Another key outcome was the spontaneous spread of the HEIP approach within and between departments. In Clinical Safety, the medical director took the universal question created for serious safety event interviews and incorporated it into other key conversation scripts, such as code blue debriefings.
Departments outside the Improvement Center learned of HEIP tools and consultation and requested, modified, and spread them on their own. For example, the Chaplaincy group asked for a brief HEIP introduction, elected to adopt the DEI checklist, and then set a goal to take it to all the committees their group members take part in as well.
The successes of the first year led to a busy second year, as the Black Lives Matter movement grew, and disparities became more evident during the pandemic. The team spent the year fielding requests for consultation internally and from other hospitals and organizations throughout the country.
While the need for operational approaches to health equity had become more urgent, effective solutions were scarce. The team presented and shared their tools at the national level, including the universal question approach and the DEI checklist, in a generic form that could be modified to suit an organization’s needs.
The hospital also adapted the DEI checklist for use in Children’s Mercy’s strategic planning process, where 19 strategy teams incorporated the tool into their discussions and reported to leadership on “DEI takeaways” for all tactics proposed across the strategic plan’s five goal areas. Post-planning interviews with strategy team leaders showed good uptake and a clear effect of the tool on strategy team outcomes.
Throughout 2021, goals turned to scaling the HEIP approach for Children’s Mercy’s more than 8,500 employees, while continuing to offer support to outside organizations looking for new ways to advance health equity.
Lessons learned
Children’s Mercy Kansas City created a systematic approach to focusing on health equity. The goal was to make it the work of everyone in the organization, not just one team. The organization adopted a quality improvement mindset and leveraged checklists, interviews and a problem-solving framework. Here are four lessons learned while piloting this work.
Teams and individuals must own the work. Incorporating concepts in a team’s or individual’s standard processes can make their work better, but it must remain their work, not that of a consultant or expert from outside the team. If there is a perception that health equity is the job of a specialized team or department, it cannot be broadly realized or sustained.
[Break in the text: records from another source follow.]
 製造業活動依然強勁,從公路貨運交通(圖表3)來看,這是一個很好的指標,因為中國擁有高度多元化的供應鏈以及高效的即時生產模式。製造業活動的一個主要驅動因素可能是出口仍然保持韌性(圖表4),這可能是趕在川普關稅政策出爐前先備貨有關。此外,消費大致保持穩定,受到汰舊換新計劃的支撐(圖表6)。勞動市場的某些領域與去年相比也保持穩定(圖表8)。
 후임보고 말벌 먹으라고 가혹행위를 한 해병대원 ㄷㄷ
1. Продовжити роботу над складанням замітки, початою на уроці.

A consultative approach allows for adaptation. Identify teams’ understanding of how health equity relates to their work and adapt support accordingly. Teams and individuals have different levels of buy-in. Children’s Mercy uses a motivational interviewing model to assess readiness for change and makes recommendations that fit.
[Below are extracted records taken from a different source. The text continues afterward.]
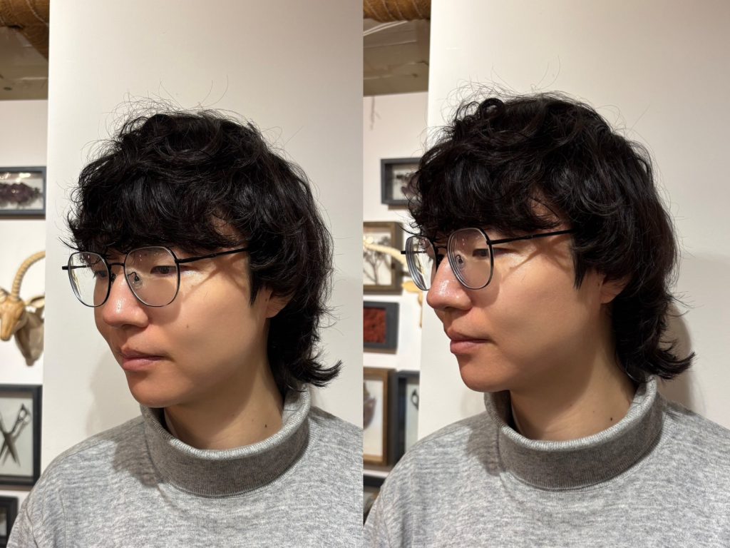 ドライパーマの面白いところは、濡れた状態(ウェット)と乾いた状態(ドライ)で全く異なる表情を楽しめること。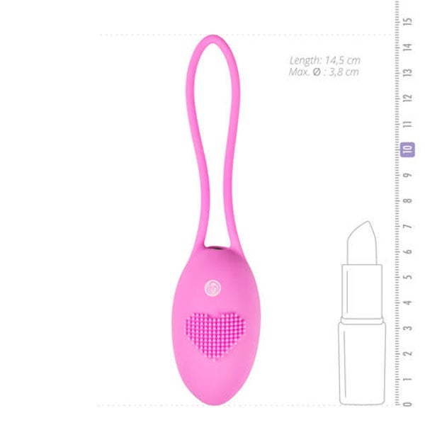 Trakteer jezelf op een nieuw speeltje en ga voor dit heerlijke vibrerende ei. Het traint je bekkenbodemspieren en masseert tegelijkertijd de binnenkant van je vagina door zijn vibraties en de nopjes aan de zijkanten. De nopjes hebben de vorm van een hart, wat het speeltje een leuk uiterlijk geeft. Het ei vibreert stilletjes waardoor het discreet kan worden gebruikt en is erg makkelijk te bedienen door middel van de drukknop op de zijkant. De lus zorgt ervoor dat hij na gebruik gemakkelijk te verwijderen is.
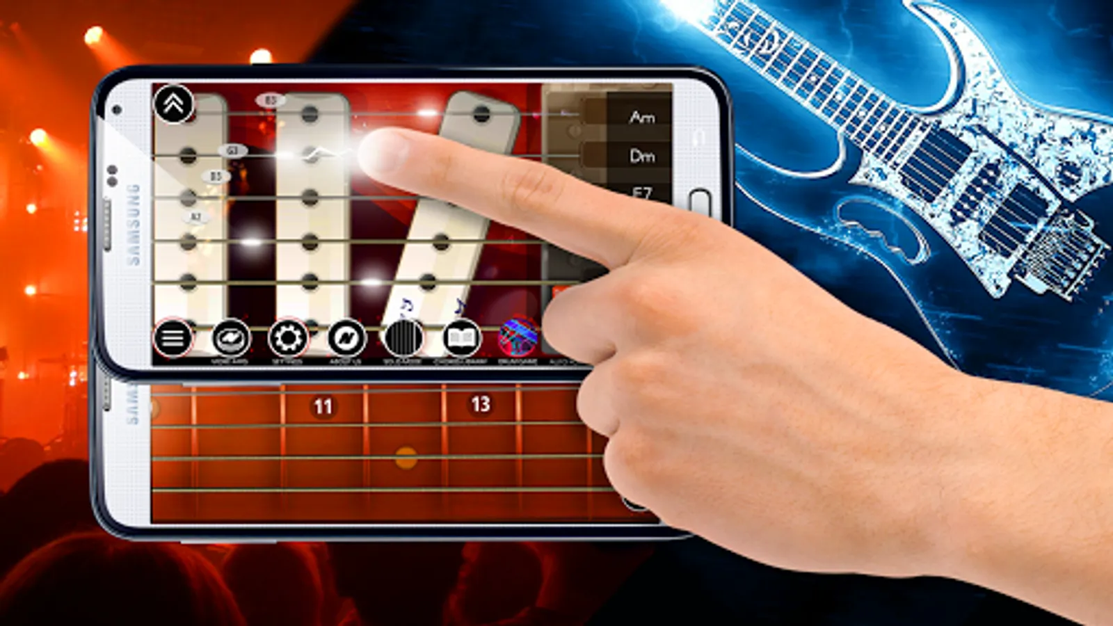 ★ Best Electric Guitar is similar to the real guitar and it is one of the most realistic guitar simulator apps featuring an awesome sound quality. All the notes have been recorded from the real live electric guitar.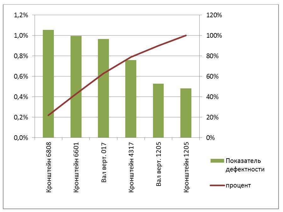 Доля бракованных изделий – это процент отношения количества забракованных изделий за период к количеству произведённых изделий по соответствующему потоку. Доля изделия в общем количестве номенклатуры изделий вычисляется как процент отношения количества соответствующих изделий к общему количеству реализуемых изделий. «Браконосный» поток вычисляется произведением соответствующей доли брака и доли изделия в общем количестве изделий, что мы называем показателем дефектности потока и ранжированием этого показателя. Все вышеперечисленные данные отражаются в таблице отбора (см. таблицу 8.10) и визуализируются диаграммой Парето (см. рисунок 8.11).

Centralized and de-centralized integration methods can complement each other. Hospitals have created or are planning a centralized DEI structure, such as a department. This provides an impetus, initial resources and planning for integration, but decentralized methods foster co-ownership. They offer flexibility and encourage the spontaneous and rapid spread of ideas and practices.
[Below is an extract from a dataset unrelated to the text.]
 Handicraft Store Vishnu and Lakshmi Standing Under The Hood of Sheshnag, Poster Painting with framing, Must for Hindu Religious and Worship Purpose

The effect of health equity work goes beyond the quantitative measurement of program outcomes or disparity reduction. The deepest effect of integration is a shift in consciousness and culture within teams and among the larger staff. Children’s Mercy’s goal is for leaders and their teams to understand the importance of considering health equity in every process, every structure, and every project, every time. The organization has seen how a change in mindset opens new perspectives, leads to realizations and changes behavior. Through meaningful connections and careful messaging, health equity integration is improving the care the hospital provides and the relationships and environment that define the workplace.